Monday, July 7, 2014

Most home owners in the area, including those who have succeeded the original home-buyers take pride in what they own, care given to the exterior of their homes, at the very least. He always carefully groomed the sparse gardens surrounding their home, and even once, many years back, had installed a small cobbled infrastructure area of the garden directly in front of the front entrance.

He was, back then -- when we first became acquainted as neighbours living a street apart -- tall and lean and appeared quite fit. He certainly had no lack of self-confidence. She was a small woman, spare in both height and frame, a mere wisp of a woman it seemed back then, yet sprightly and sparking enthusiasm. That was then; in the last several years we haven't seen him at all, only Margaret, wending her slow and careful way along the street, doing a walking loop from her street to ours.

In the winter she is cocooned in layers of cold-protective down padding her small frame. When we occasionally meet she no longer regales us as once they did, with details about their travels, accompanied with a genteel scorn for the natives indigenous to the countries they would visit. She is originally from Nova Scotia and it is only visits back 'home' that enthuse her now. But family members are dwindling gradually in number and although the incomparable environmental scenery and remembrances of times past still draw her, even those visits have declined. Her husband, born in southern Ontario, had no wish to re-locate when he retired.

They continue to live in a fairly spacious two-story house, which they continue to maintain nicely, now with the help of hired professionals.

Each time we see Margaret, no longer nearly as often as formerly, she has diminished in size and colouration, her perambulation more studied and careful.
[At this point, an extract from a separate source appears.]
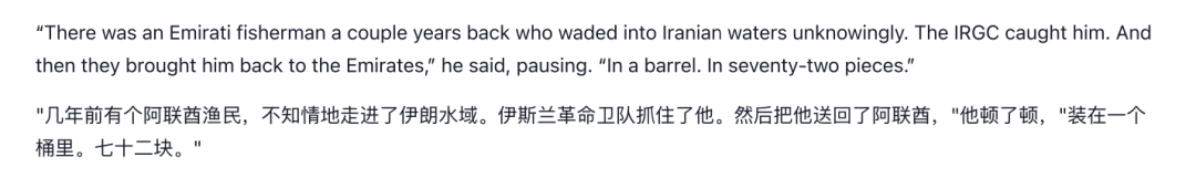 几年前有个误入伊朗水域的阿联酋渔民,被分成了72块装在桶里“遣返”回了阿联酋。
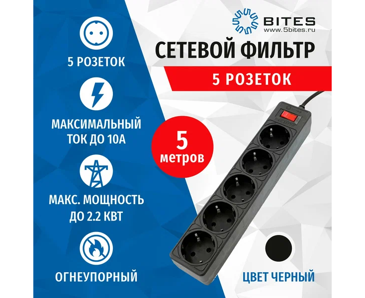 Сетевой фильтр 5bites Garda SP5B-550 5S/3*0.75mm2/5M/Black

She has decided to opt for surgery to her spine. Her husband keeps putting off the surgery he needs to remove his teeth, both putting up with the debilitating pain they suffer while they wait and until they decide how and whether to proceed with something annoyingly intrusive but which might alleviate their pain and discomfort. Disruption of routine is meaningful, now.
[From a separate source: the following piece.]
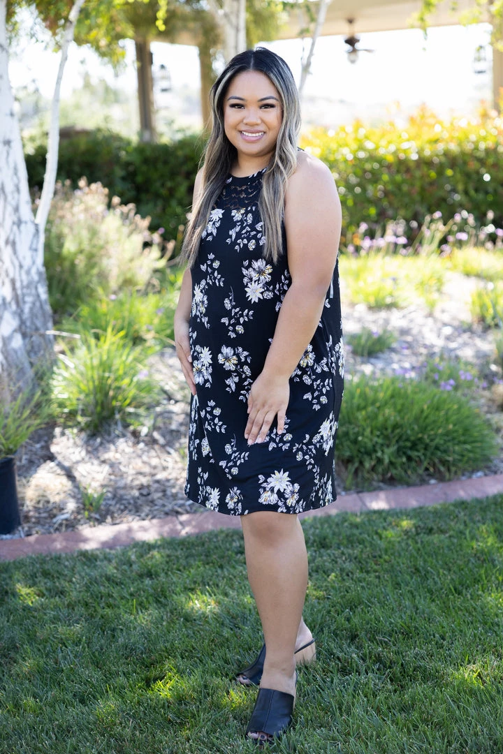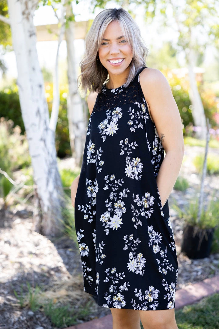 Classy and fun, this floral printed dress is absolutely stunning. With a relaxed fit, this dress features a round neckline with lace trim and side pockets.

It's hard for us to imagine how much more it is possible that she could physically vanish from life. When she approaches us with the ghost of a smile on her pale face to politely enquire how our health has been we cannot help an inward shudder. For that query, just as politely satisfied in the affirmative "well, thank you", represents an opening when the details of their misery can gush forth to bring us up to date on the rigours of age rapidly overcoming the life cycle.

And we wonder whether they ever resent that we're quite a bit older than they are, with as yet unimpaired health.